◆ DATA PROVIDED:
[Start of Attachment]
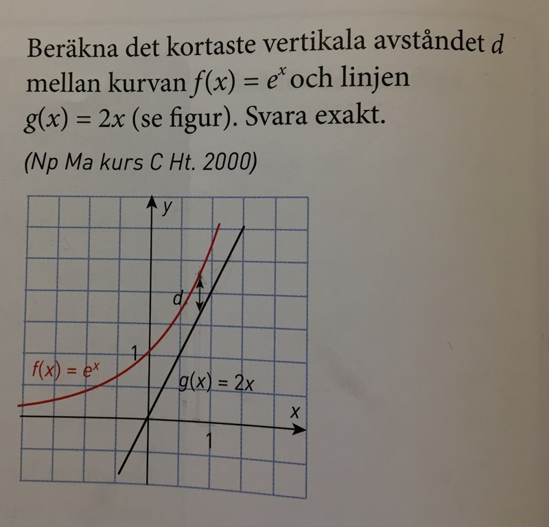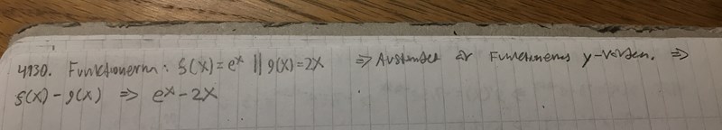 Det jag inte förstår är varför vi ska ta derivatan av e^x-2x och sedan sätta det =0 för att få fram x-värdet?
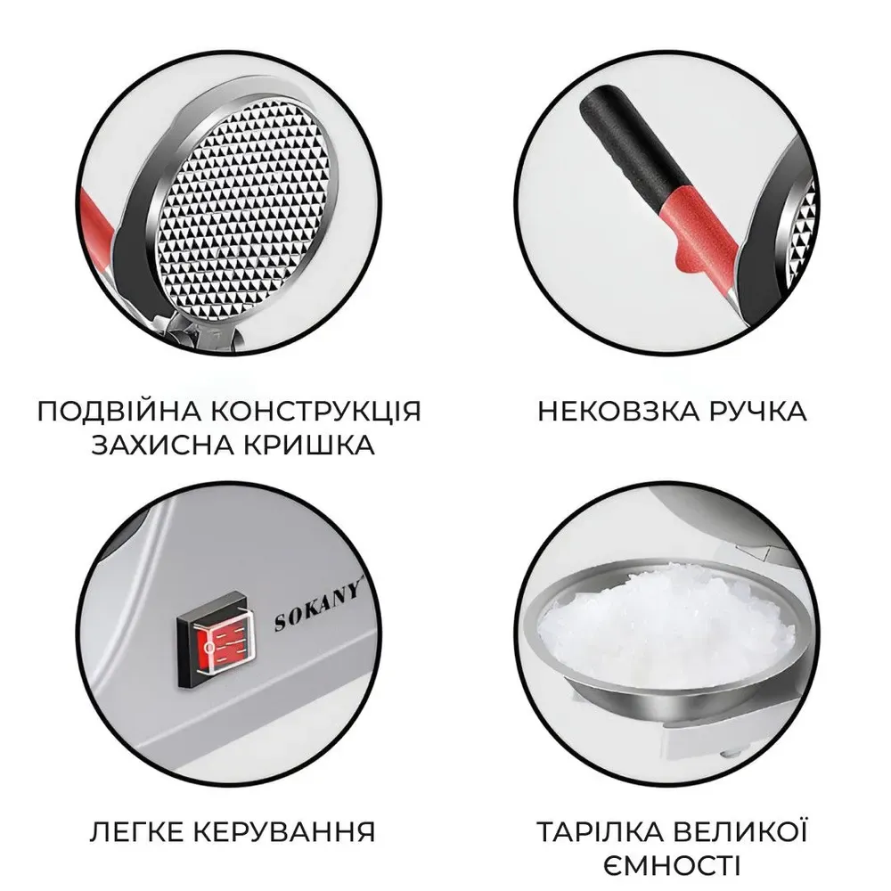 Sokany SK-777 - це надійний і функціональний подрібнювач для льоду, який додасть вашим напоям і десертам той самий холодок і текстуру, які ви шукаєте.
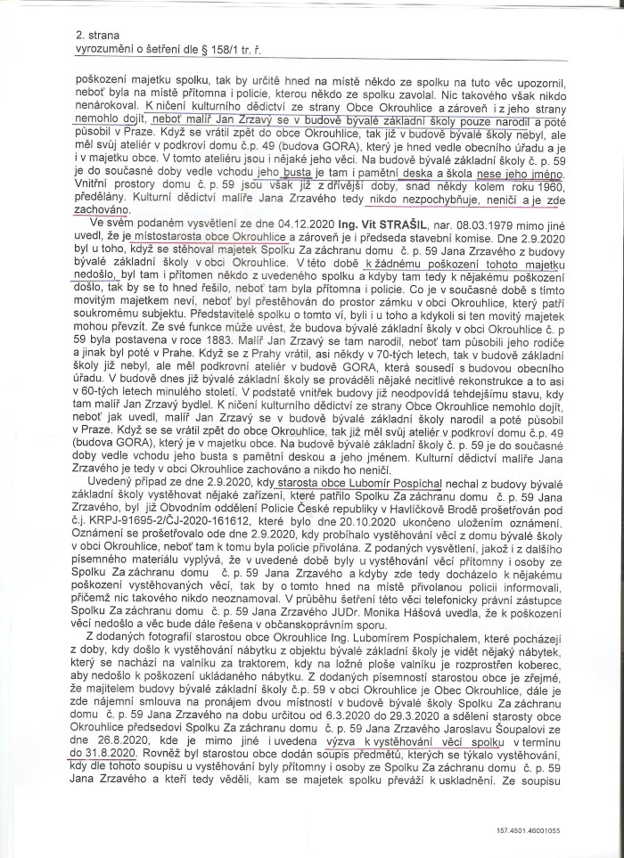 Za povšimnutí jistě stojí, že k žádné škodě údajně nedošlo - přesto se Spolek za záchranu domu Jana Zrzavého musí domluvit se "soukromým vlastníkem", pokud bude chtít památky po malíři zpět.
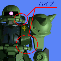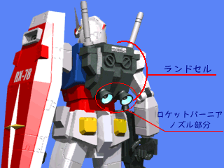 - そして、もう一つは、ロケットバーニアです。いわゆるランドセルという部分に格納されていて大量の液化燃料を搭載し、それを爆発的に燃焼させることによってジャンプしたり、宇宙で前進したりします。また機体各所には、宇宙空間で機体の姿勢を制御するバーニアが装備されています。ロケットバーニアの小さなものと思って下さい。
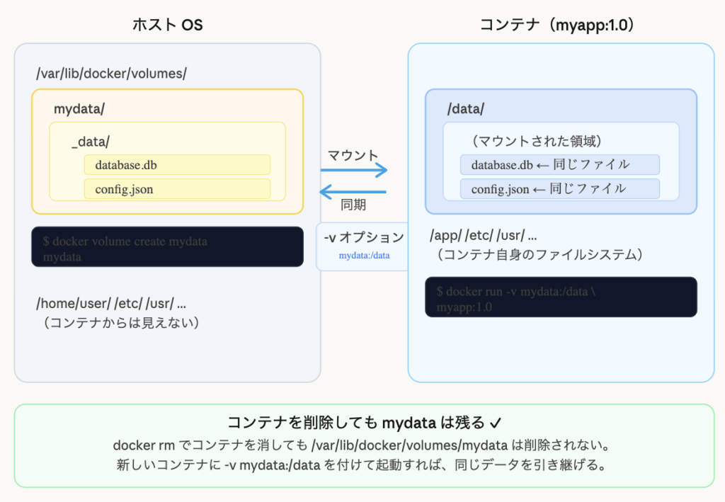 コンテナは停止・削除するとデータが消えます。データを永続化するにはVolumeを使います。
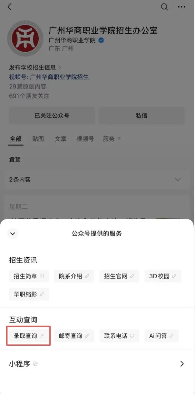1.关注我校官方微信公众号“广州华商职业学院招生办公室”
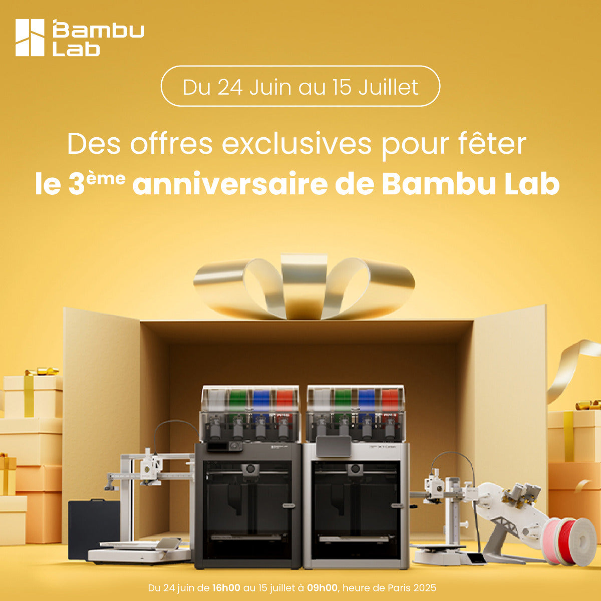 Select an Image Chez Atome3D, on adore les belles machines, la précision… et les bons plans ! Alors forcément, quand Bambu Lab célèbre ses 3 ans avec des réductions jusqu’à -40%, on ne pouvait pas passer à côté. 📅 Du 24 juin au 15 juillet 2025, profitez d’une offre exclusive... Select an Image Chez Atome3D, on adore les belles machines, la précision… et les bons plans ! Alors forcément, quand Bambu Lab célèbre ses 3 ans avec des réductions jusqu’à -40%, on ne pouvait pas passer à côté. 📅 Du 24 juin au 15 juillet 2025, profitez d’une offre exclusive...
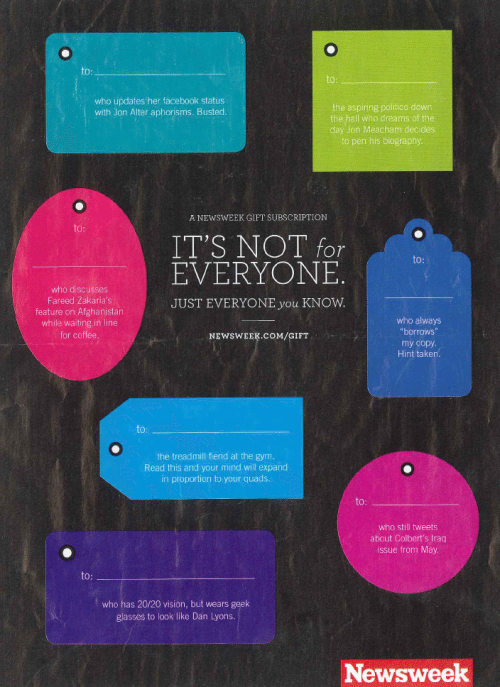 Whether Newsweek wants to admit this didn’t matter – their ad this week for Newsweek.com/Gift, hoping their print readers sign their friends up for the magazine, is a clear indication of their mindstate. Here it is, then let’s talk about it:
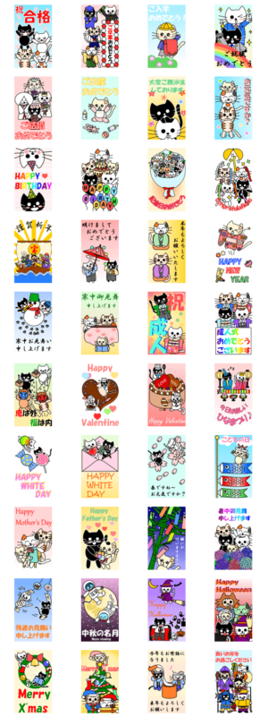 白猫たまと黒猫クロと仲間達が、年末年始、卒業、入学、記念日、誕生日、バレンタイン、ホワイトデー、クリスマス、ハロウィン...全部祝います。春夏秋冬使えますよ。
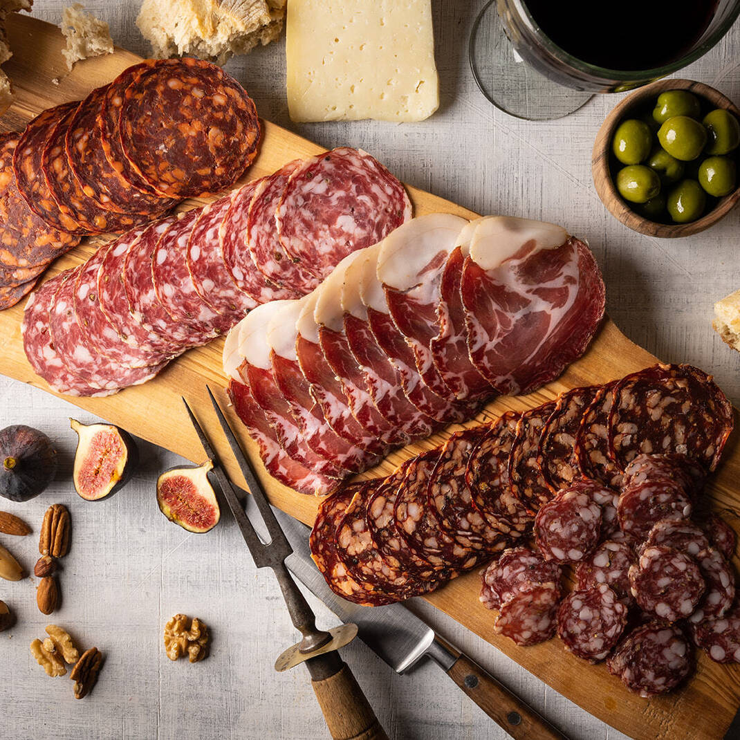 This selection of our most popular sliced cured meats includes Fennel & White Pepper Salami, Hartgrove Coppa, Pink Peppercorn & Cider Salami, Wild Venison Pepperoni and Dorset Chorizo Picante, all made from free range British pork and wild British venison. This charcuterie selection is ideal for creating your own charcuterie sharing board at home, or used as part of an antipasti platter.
[End of Attachment]
[Start of Attachment]
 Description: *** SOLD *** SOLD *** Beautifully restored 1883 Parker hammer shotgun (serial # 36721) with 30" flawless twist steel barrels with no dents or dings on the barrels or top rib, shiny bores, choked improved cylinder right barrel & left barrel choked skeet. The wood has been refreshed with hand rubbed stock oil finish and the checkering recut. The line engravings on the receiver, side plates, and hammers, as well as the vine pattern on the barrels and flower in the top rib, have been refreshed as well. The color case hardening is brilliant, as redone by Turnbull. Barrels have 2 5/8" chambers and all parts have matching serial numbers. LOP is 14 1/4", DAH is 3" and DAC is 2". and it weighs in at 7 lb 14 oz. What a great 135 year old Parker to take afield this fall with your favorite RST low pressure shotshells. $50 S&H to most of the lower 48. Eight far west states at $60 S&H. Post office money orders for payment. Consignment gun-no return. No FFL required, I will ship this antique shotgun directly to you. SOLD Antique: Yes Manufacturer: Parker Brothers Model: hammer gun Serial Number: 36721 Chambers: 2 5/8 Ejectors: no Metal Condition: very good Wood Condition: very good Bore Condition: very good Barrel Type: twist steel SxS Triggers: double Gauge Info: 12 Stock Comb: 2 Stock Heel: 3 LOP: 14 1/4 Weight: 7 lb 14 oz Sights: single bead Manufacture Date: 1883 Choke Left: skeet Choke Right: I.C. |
[End of Attachment]
◆ WORK REQUEST: Look above and copy only the lines from the one holding "Det jag inte" to the one holding "This selection of", both included, exactly, minus the pictures.

◆ WRITTEN REPLY:
 Det jag inte förstår är varför vi ska ta derivatan av e^x-2x och sedan sätta det =0 för att få fram x-värdet?
 Sokany SK-777 - це надійний і функціональний подрібнювач для льоду, який додасть вашим напоям і десертам той самий холодок і текстуру, які ви шукаєте.
 Za povšimnutí jistě stojí, že k žádné škodě údajně nedošlo - přesto se Spolek za záchranu domu Jana Zrzavého musí domluvit se "soukromým vlastníkem", pokud bude chtít památky po malíři zpět.
 - そして、もう一つは、ロケットバーニアです。いわゆるランドセルという部分に格納されていて大量の液化燃料を搭載し、それを爆発的に燃焼させることによってジャンプしたり、宇宙で前進したりします。また機体各所には、宇宙空間で機体の姿勢を制御するバーニアが装備されています。ロケットバーニアの小さなものと思って下さい。
 コンテナは停止・削除するとデータが消えます。データを永続化するにはVolumeを使います。
1.关注我校官方微信公众号“广州华商职业学院招生办公室”
 Select an Image Chez Atome3D, on adore les belles machines, la précision… et les bons plans ! Alors forcément, quand Bambu Lab célèbre ses 3 ans avec des réductions jusqu’à -40%, on ne pouvait pas passer à côté. 📅 Du 24 juin au 15 juillet 2025, profitez d’une offre exclusive... Select an Image Chez Atome3D, on adore les belles machines, la précision… et les bons plans ! Alors forcément, quand Bambu Lab célèbre ses 3 ans avec des réductions jusqu’à -40%, on ne pouvait pas passer à côté. 📅 Du 24 juin au 15 juillet 2025, profitez d’une offre exclusive...
 Whether Newsweek wants to admit this didn’t matter – their ad this week for Newsweek.com/Gift, hoping their print readers sign their friends up for the magazine, is a clear indication of their mindstate. Here it is, then let’s talk about it:
 白猫たまと黒猫クロと仲間達が、年末年始、卒業、入学、記念日、誕生日、バレンタイン、ホワイトデー、クリスマス、ハロウィン...全部祝います。春夏秋冬使えますよ。
 This selection of our most popular sliced cured meats includes Fennel & White Pepper Salami, Hartgrove Coppa, Pink Peppercorn & Cider Salami, Wild Venison Pepperoni and Dorset Chorizo Picante, all made from free range British pork and wild British venison. This charcuterie selection is ideal for creating your own charcuterie sharing board at home, or used as part of an antipasti platter.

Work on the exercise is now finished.